Unmanned (Automated) Golf Sim Facilities

These lean setups operate without onsite staff. Customers book online, access the space via keyless entry, and control their simulator through touchscreen interfaces. This allows business owners to:

  • Stay open 24/7

  • Avoid paying staff during slow periods

  • Operate with minimal fixed costs


You can run a profitable operation with fewer hours and less traffic, simply because the overhead is so low.

Hybrid Models (Self-Serve + Optional Staff)

Other operators are combining unmanned systems with strategic staffing: an attendant during peak hours, optional food pick-up or vending, automated lighting and launch monitor controls—all triggered remotely.

These businesses can scale up when it’s busy and wind down during quiet periods—without shutting the doors or bleeding money.

If You Can’t Run Unmanned, You’re Vulnerable

The truth is simple: if you don’t have a plan to run unmanned during non-peak hours or off-season stretches, you’re at serious risk. Many of the operators who launched with full food-and-beverage models—modeled after Topgolf or 5 Iron style hospitality—are now facing harsh economic realities:

  • They can’t cover payroll during slow months

  • They can’t reduce hours without shutting down

  • They can’t segment their operations to run lean


And that’s exactly why so many have been forced to close.

Lessons for Future Operators

  1. Segment Your Spaces

  2. Don’t blend your restaurant with your simulators. Let each operate independently so one doesn’t drag down the other.

  3. Automate Access & Control

  4. Use door locks, launch monitor control that can be managed remotely or by the customer.

  5. Operate Like a Gym, Not a Restaurant

  6. Build your business on memberships, discounted hourly rates, and minimal staff—then layer in food and drink as a bonus, not the foundation.

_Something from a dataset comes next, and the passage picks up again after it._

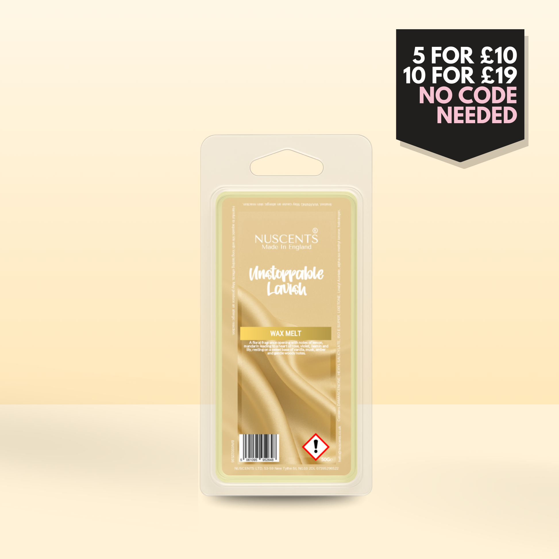 50g Unstoppable Lavish Scented Wax Melt Poured with a full 10% fragrance load for a bold throw and designed to work in both tealight burners and higher-wattage electric warmers. Made In England.
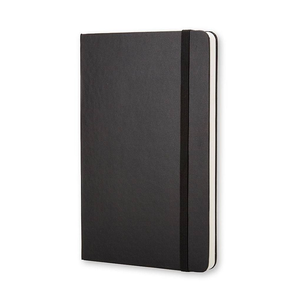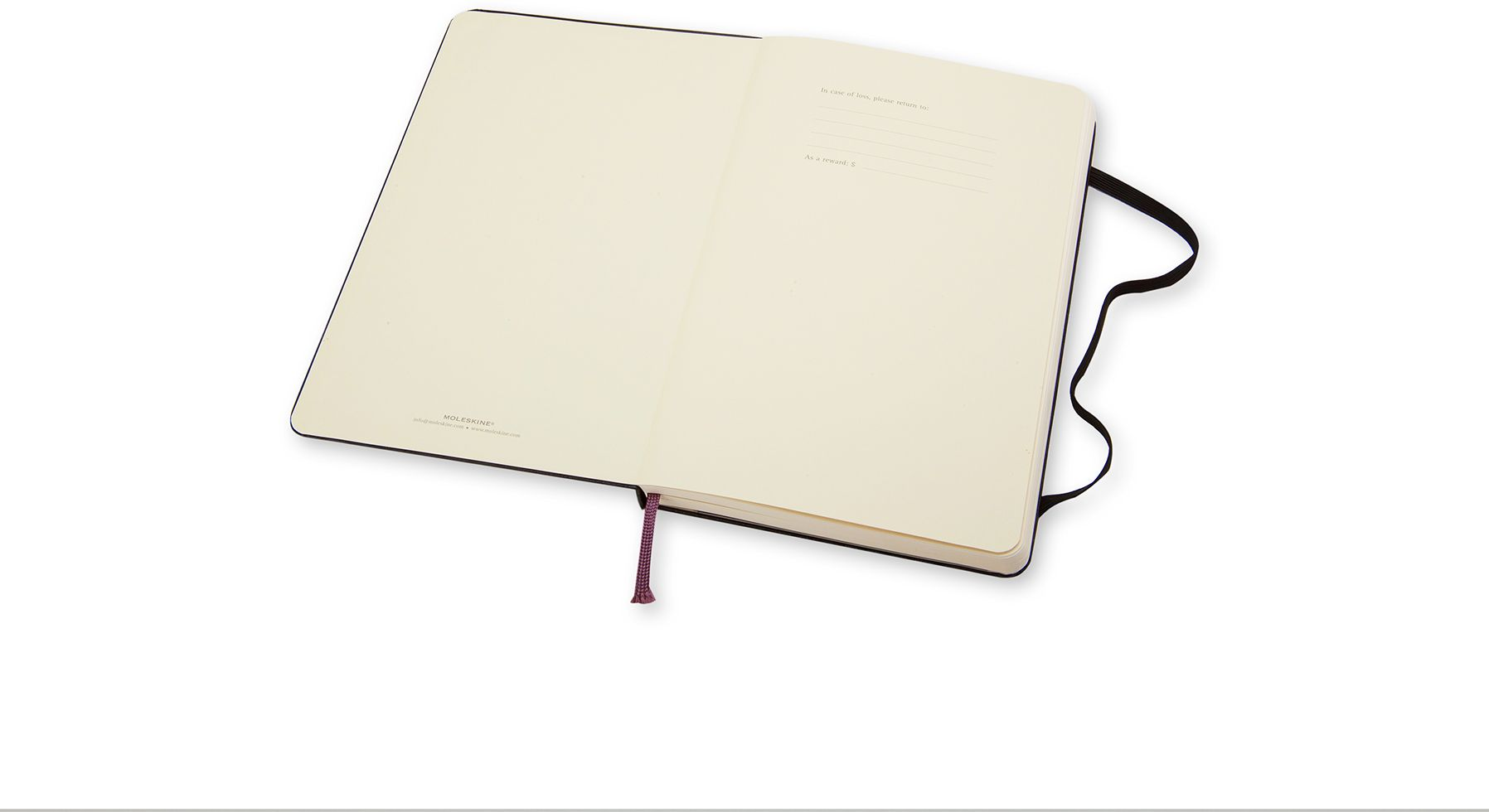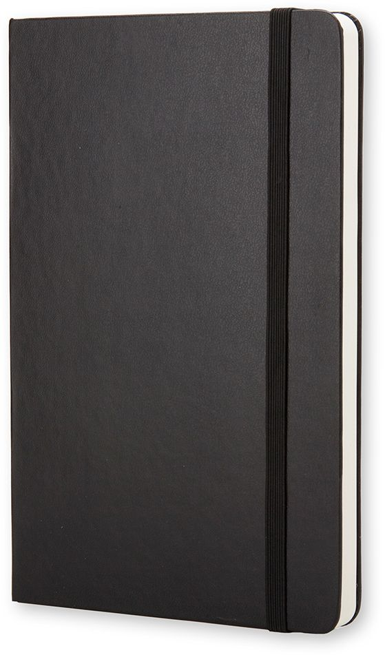 This basic. yet classic Large Plain notebook is one of the best-selling Moleskine notebooks. This reliable travel companion. perfect for sketches. thoughts and passing notes. has a cardboard bound cover with rounded corners. acid free paper. a bookmark. an elastic closure and an expandable inner pocket that contains the Moleskine history.

  7. Build for the Slow Months, Not Just the Busy Season

  8. If your model only works at 80% capacity during weekends, it’s not a business—it’s a time bomb.


Final Thought

Golf simulator businesses that can’t segment food and beverage from gameplay, or staff from access, are finding it harder and harder to survive. The industry is shifting toward self-service, automated, and lean operational models because that’s what the economics demand.

You don’t need to be open 24/7—but you do need a business that can be.

Because if you’re relying on full staffing and bar sales to break even, you’re not building a golf business—you’re gambling with hospitality margins. And in this market, that’s a bet too many have already lost.